**TASK BRIEF**
Look below for the line that has "Na história inteira"; output exactly from it through the line that has "Graceful cherry blossom", and leave the pictures out.

**RECORDS PROVIDED**
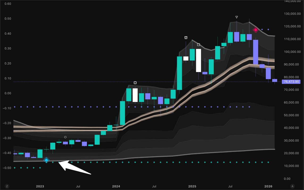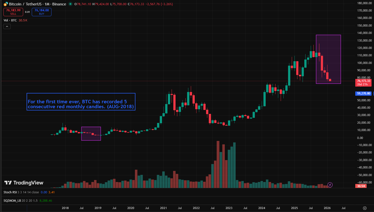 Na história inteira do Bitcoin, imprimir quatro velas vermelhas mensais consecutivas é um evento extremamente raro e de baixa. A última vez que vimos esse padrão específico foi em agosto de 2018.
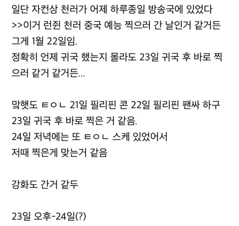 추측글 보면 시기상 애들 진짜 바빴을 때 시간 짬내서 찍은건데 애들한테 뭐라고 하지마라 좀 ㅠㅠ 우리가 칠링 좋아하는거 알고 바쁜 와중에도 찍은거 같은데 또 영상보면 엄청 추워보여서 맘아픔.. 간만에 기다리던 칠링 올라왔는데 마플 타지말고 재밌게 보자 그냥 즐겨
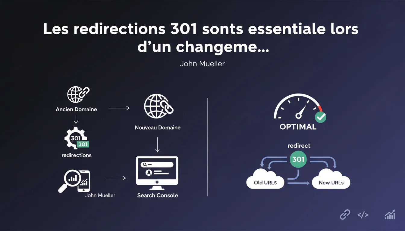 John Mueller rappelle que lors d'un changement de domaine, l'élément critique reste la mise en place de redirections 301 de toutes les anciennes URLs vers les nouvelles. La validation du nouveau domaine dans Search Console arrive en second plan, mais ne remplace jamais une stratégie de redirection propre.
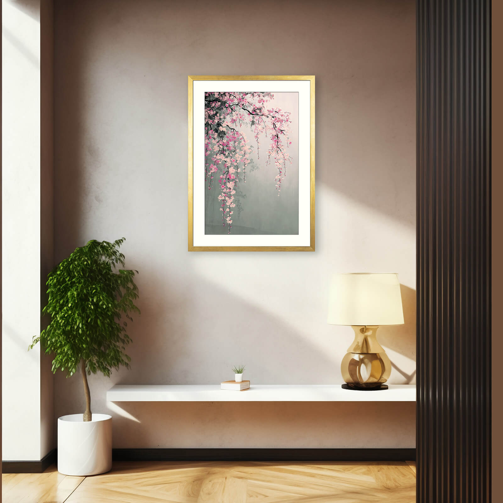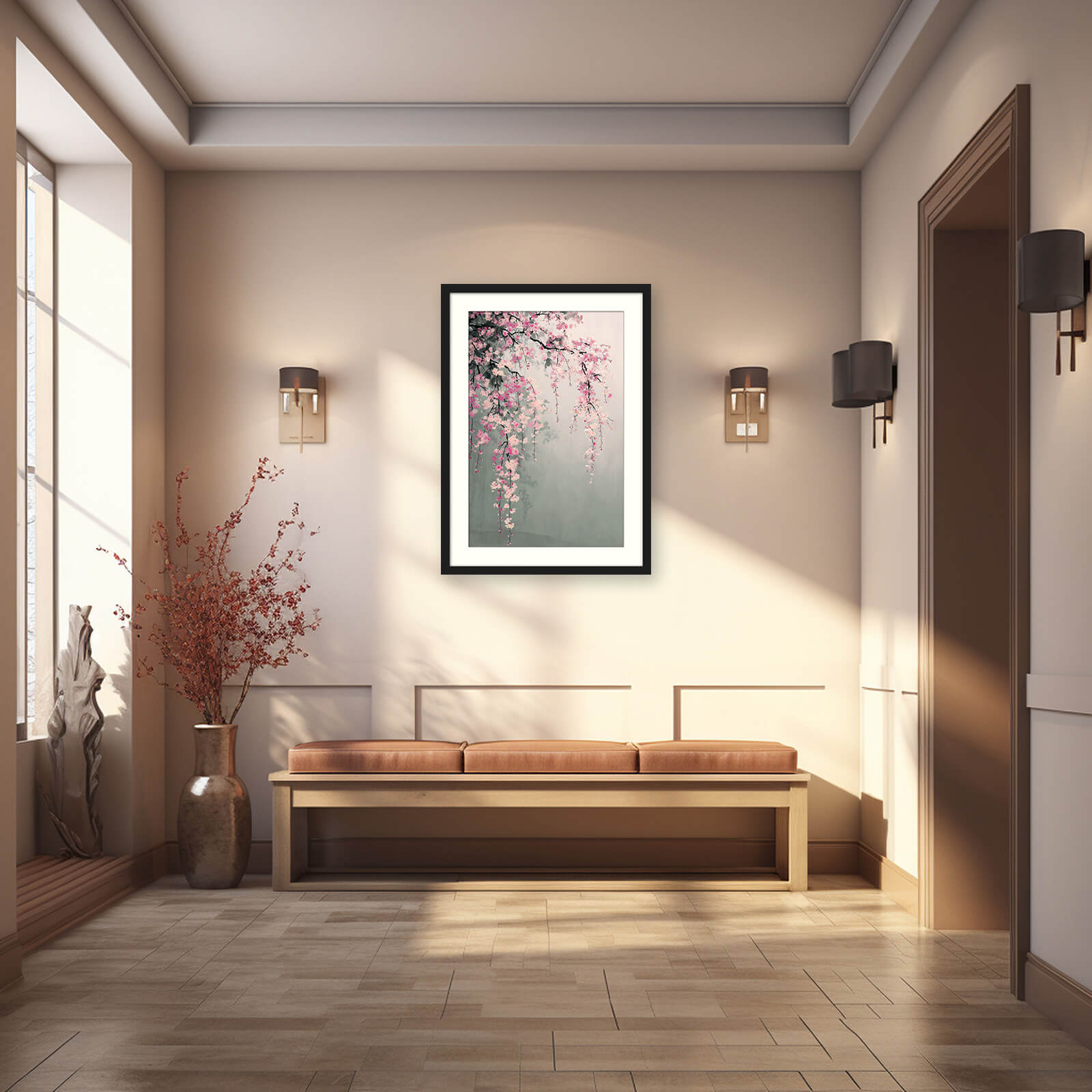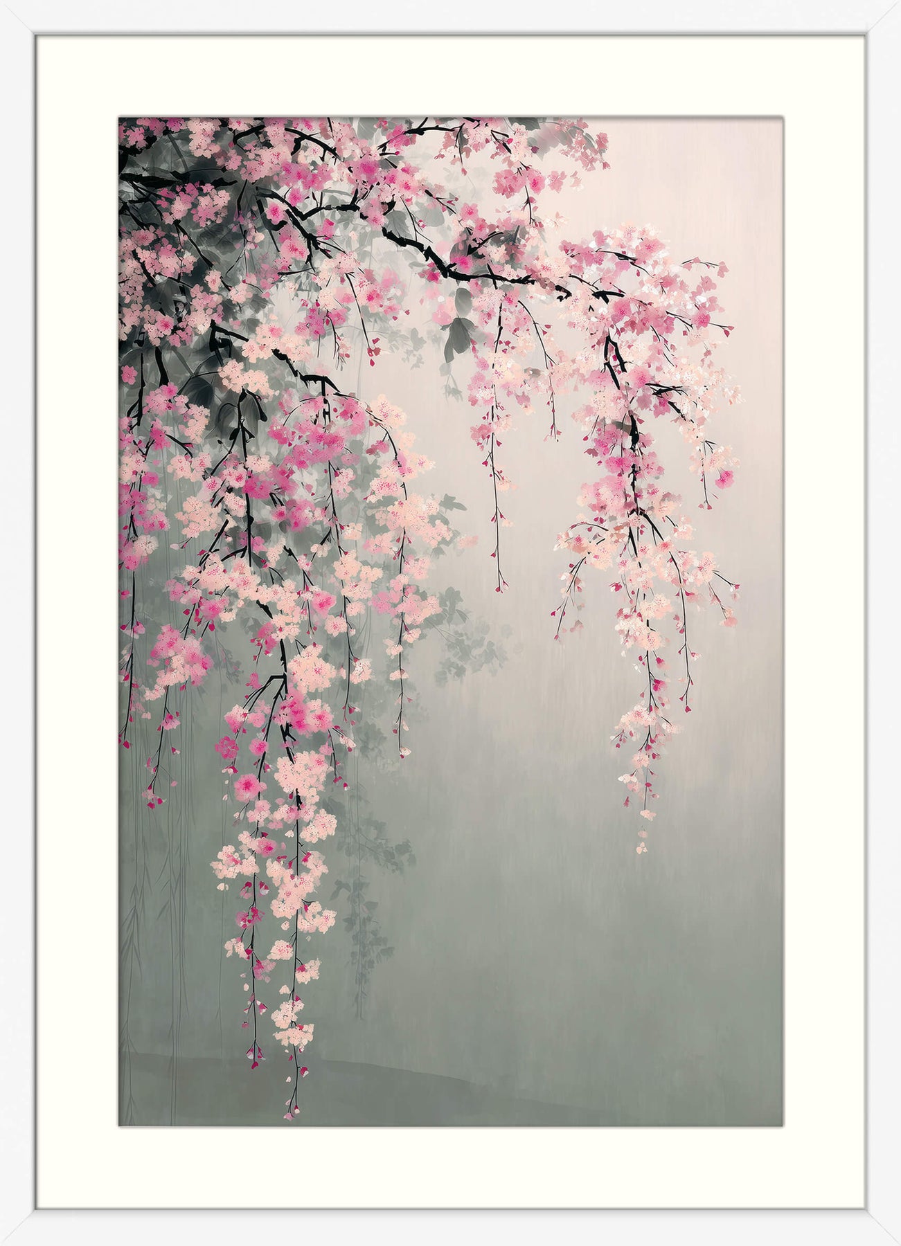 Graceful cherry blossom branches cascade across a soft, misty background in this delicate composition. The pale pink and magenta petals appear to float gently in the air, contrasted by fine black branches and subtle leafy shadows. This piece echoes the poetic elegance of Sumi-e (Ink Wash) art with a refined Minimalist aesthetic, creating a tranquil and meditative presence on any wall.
---
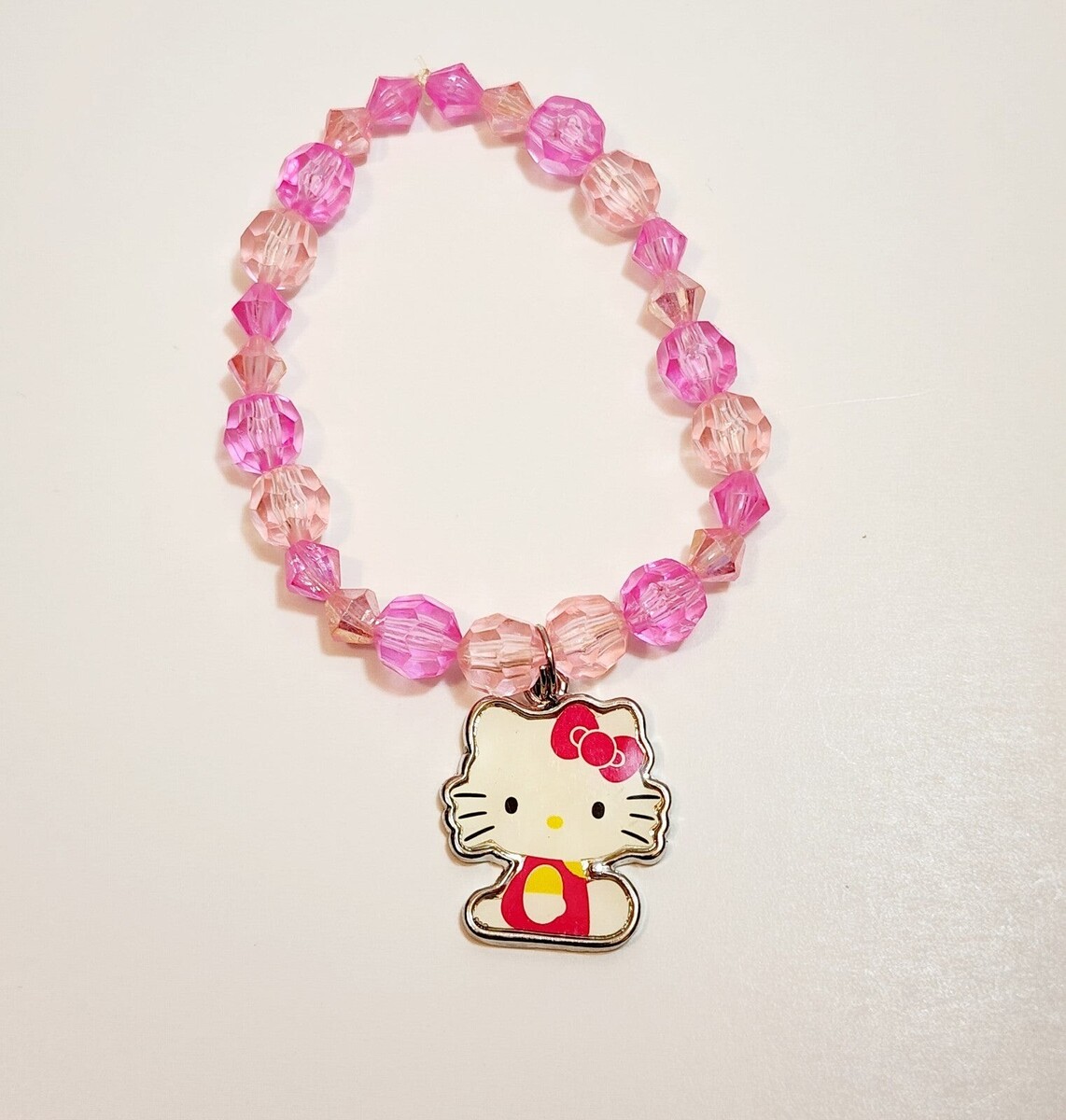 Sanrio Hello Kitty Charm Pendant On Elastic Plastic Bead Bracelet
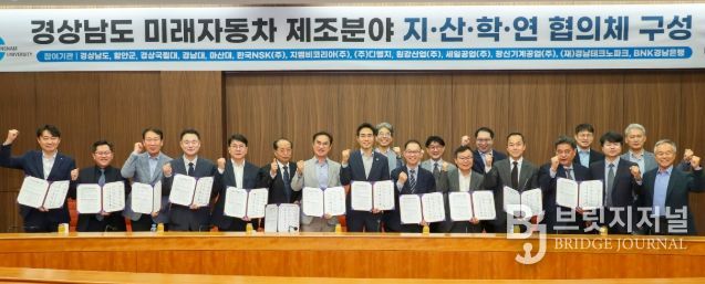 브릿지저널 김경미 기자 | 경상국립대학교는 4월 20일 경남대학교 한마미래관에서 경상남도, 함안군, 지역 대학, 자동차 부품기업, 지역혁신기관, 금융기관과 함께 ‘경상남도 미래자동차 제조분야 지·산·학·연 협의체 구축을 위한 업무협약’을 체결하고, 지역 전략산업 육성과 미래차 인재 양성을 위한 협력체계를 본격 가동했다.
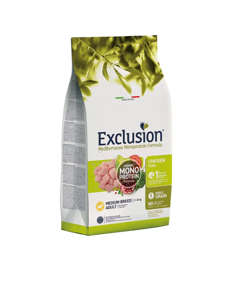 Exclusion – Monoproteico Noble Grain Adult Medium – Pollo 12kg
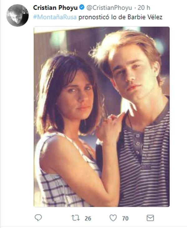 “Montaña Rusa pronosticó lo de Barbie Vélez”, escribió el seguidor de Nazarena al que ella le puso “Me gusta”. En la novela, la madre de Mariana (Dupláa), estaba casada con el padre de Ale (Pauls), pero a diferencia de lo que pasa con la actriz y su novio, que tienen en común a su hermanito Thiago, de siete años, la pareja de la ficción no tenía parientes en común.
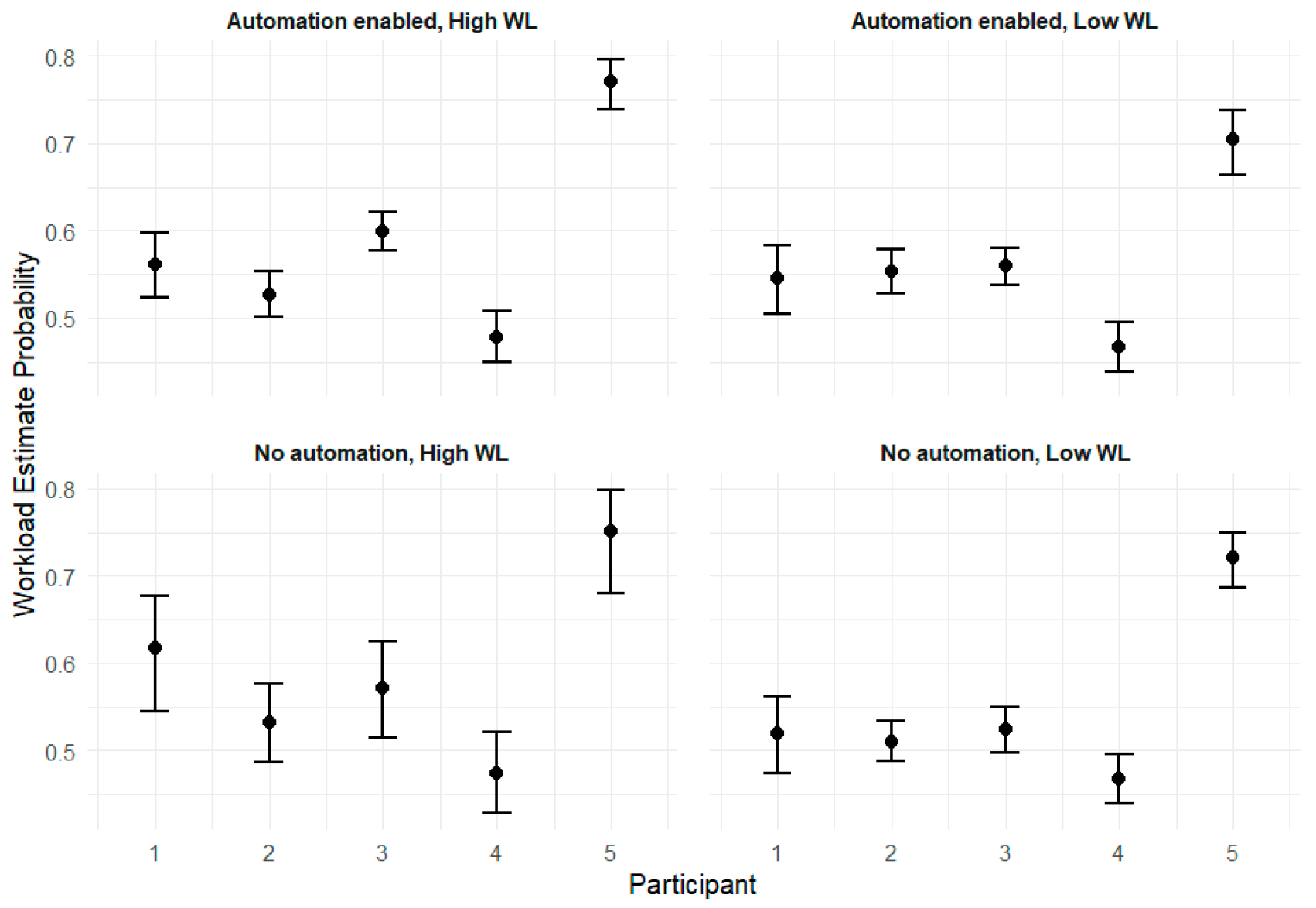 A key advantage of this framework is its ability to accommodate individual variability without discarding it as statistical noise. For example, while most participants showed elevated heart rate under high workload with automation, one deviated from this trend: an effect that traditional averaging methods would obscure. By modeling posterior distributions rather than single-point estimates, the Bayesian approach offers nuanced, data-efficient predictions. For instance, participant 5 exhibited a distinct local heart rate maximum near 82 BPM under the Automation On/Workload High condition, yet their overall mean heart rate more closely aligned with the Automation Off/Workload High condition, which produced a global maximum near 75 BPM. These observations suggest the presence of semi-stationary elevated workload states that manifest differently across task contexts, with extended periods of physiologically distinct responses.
--
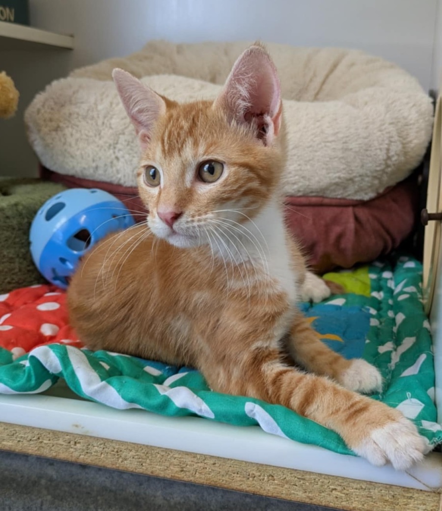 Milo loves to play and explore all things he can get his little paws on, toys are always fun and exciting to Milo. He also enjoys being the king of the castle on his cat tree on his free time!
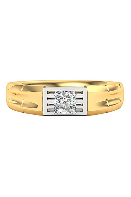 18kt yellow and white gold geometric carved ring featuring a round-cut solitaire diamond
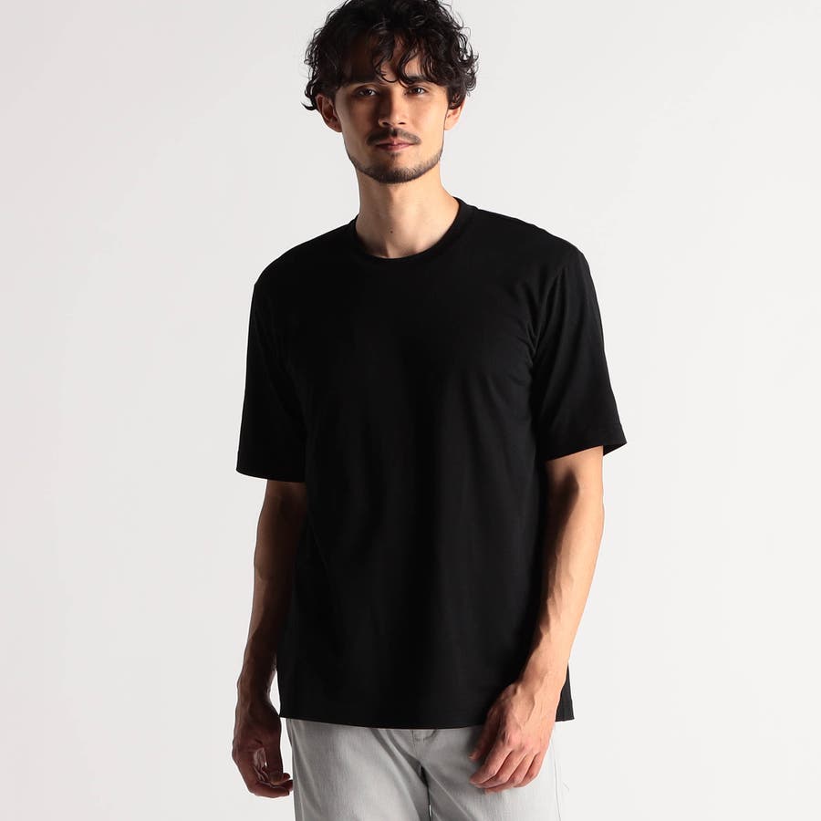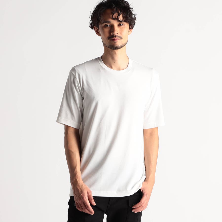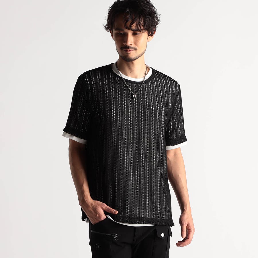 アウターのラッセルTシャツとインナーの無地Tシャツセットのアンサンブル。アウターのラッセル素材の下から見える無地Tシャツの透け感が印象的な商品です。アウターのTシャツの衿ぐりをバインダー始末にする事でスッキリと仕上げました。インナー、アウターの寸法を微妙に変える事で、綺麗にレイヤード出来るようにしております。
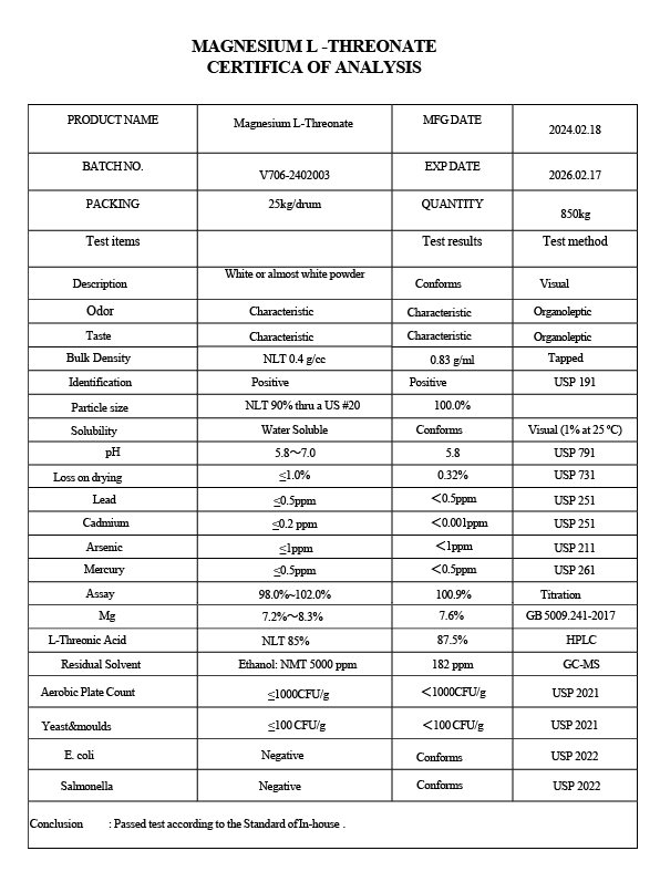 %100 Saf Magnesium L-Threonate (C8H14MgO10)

**ANSWER SECTION**
 Na história inteira do Bitcoin, imprimir quatro velas vermelhas mensais consecutivas é um evento extremamente raro e de baixa. A última vez que vimos esse padrão específico foi em agosto de 2018.
 추측글 보면 시기상 애들 진짜 바빴을 때 시간 짬내서 찍은건데 애들한테 뭐라고 하지마라 좀 ㅠㅠ 우리가 칠링 좋아하는거 알고 바쁜 와중에도 찍은거 같은데 또 영상보면 엄청 추워보여서 맘아픔.. 간만에 기다리던 칠링 올라왔는데 마플 타지말고 재밌게 보자 그냥 즐겨
 John Mueller rappelle que lors d'un changement de domaine, l'élément critique reste la mise en place de redirections 301 de toutes les anciennes URLs vers les nouvelles. La validation du nouveau domaine dans Search Console arrive en second plan, mais ne remplace jamais une stratégie de redirection propre.
 Graceful cherry blossom branches cascade across a soft, misty background in this delicate composition. The pale pink and magenta petals appear to float gently in the air, contrasted by fine black branches and subtle leafy shadows. This piece echoes the poetic elegance of Sumi-e (Ink Wash) art with a refined Minimalist aesthetic, creating a tranquil and meditative presence on any wall.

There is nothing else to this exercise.